* What to do:
In the material below, begin at the line that has "- Starten Sie", stop after the line that has "188马力,1.5t,动力猛", and transcribe those lines exactly, without pictures.

——

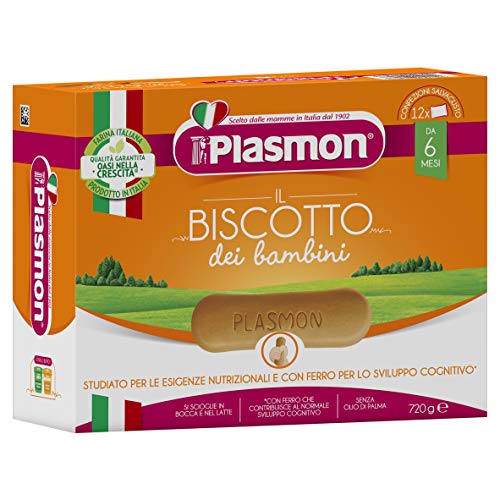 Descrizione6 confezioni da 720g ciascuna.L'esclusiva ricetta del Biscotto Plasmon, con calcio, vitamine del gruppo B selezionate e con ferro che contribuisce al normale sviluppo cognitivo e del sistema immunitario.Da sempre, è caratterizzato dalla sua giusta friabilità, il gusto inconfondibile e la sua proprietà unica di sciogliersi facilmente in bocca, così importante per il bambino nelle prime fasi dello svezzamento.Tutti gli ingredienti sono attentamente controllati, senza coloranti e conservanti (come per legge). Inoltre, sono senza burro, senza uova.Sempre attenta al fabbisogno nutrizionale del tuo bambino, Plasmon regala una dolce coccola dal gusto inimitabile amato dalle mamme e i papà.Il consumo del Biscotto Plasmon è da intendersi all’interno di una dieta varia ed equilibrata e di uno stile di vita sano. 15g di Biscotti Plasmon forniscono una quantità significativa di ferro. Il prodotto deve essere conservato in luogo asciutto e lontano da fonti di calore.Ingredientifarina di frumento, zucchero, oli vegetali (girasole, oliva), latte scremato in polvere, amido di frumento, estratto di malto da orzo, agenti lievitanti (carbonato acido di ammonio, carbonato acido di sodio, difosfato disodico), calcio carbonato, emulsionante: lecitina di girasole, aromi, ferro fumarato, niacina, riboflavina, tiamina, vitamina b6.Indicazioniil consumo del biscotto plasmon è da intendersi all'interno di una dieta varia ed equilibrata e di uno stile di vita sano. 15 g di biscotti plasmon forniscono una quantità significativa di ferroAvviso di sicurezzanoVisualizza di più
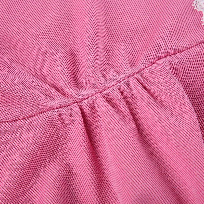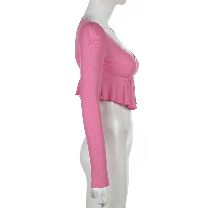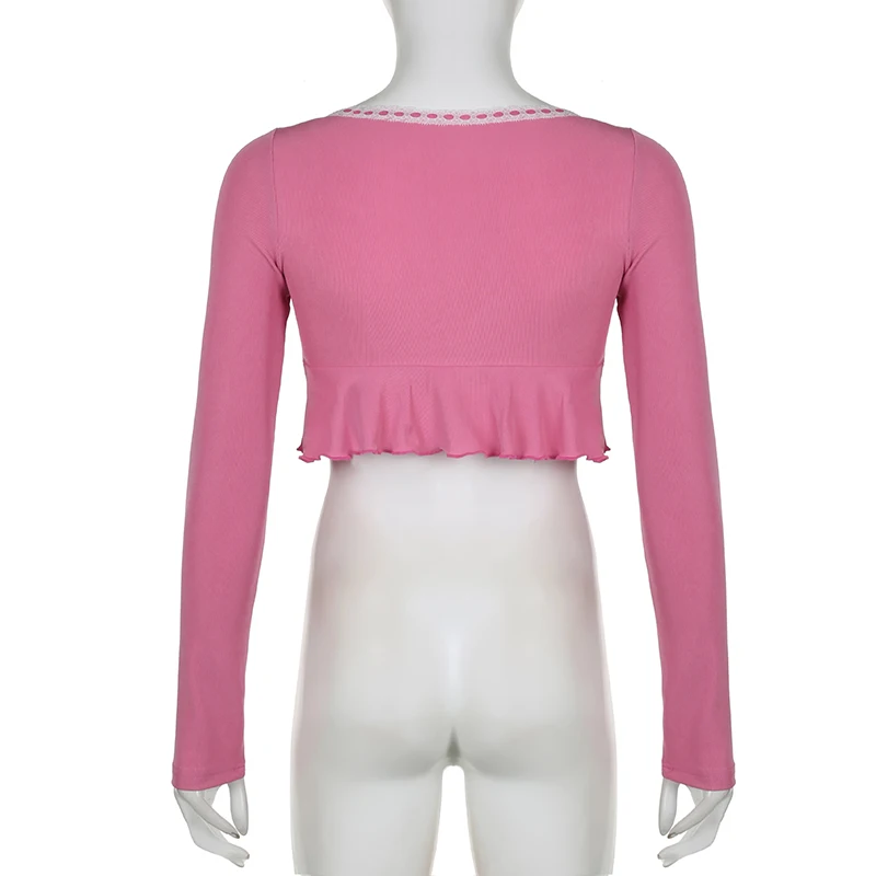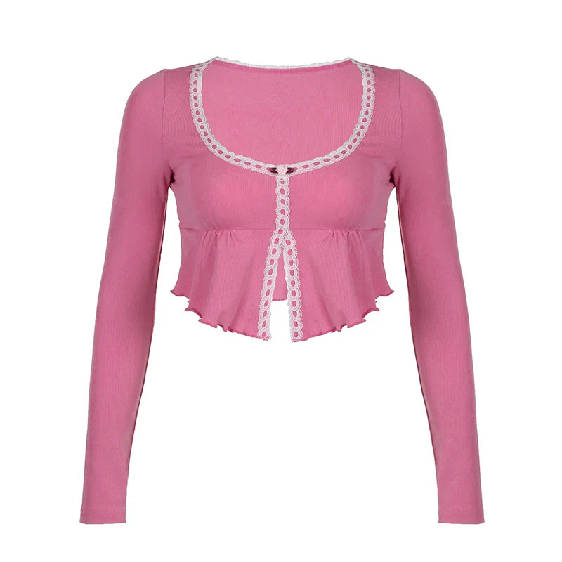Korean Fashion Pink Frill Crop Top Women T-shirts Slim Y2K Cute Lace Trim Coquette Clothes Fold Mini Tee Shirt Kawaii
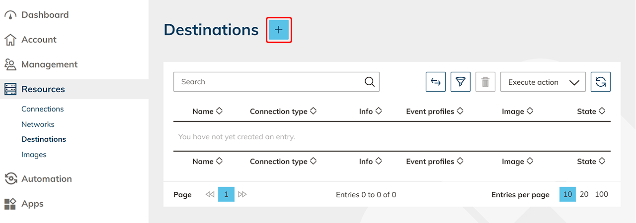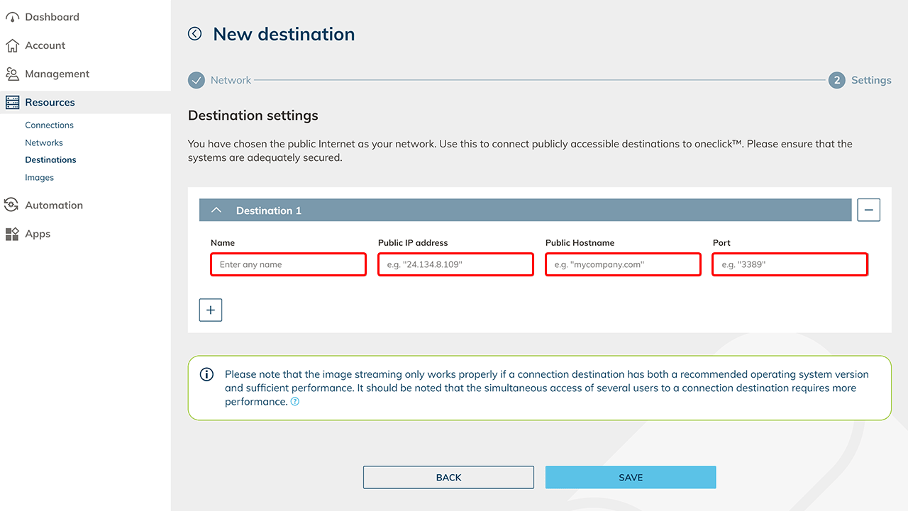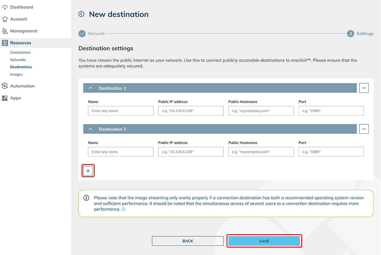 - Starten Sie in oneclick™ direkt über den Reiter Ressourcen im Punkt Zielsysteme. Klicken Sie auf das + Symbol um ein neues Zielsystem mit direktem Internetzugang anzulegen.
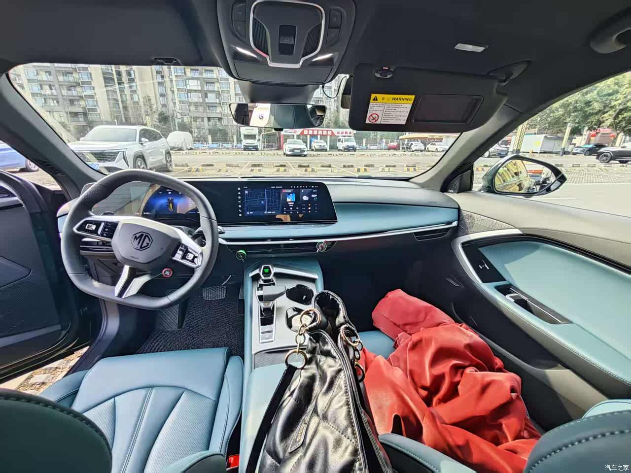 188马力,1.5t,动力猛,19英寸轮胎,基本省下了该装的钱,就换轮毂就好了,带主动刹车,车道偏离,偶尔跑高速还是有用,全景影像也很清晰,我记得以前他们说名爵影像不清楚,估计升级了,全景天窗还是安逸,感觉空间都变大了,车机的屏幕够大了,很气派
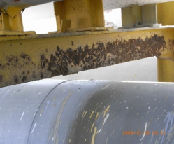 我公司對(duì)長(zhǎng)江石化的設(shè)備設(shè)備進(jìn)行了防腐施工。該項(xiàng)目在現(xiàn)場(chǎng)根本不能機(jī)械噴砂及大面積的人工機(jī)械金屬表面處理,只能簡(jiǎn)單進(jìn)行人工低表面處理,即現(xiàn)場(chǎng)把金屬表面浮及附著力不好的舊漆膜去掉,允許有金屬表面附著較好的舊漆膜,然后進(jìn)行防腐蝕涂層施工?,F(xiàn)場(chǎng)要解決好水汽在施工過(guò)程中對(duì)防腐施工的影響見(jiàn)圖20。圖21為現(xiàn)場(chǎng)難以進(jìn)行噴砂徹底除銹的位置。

——

* Result for this exercise:
 - Starten Sie in oneclick™ direkt über den Reiter Ressourcen im Punkt Zielsysteme. Klicken Sie auf das + Symbol um ein neues Zielsystem mit direktem Internetzugang anzulegen.
 188马力,1.5t,动力猛,19英寸轮胎,基本省下了该装的钱,就换轮毂就好了,带主动刹车,车道偏离,偶尔跑高速还是有用,全景影像也很清晰,我记得以前他们说名爵影像不清楚,估计升级了,全景天窗还是安逸,感觉空间都变大了,车机的屏幕够大了,很气派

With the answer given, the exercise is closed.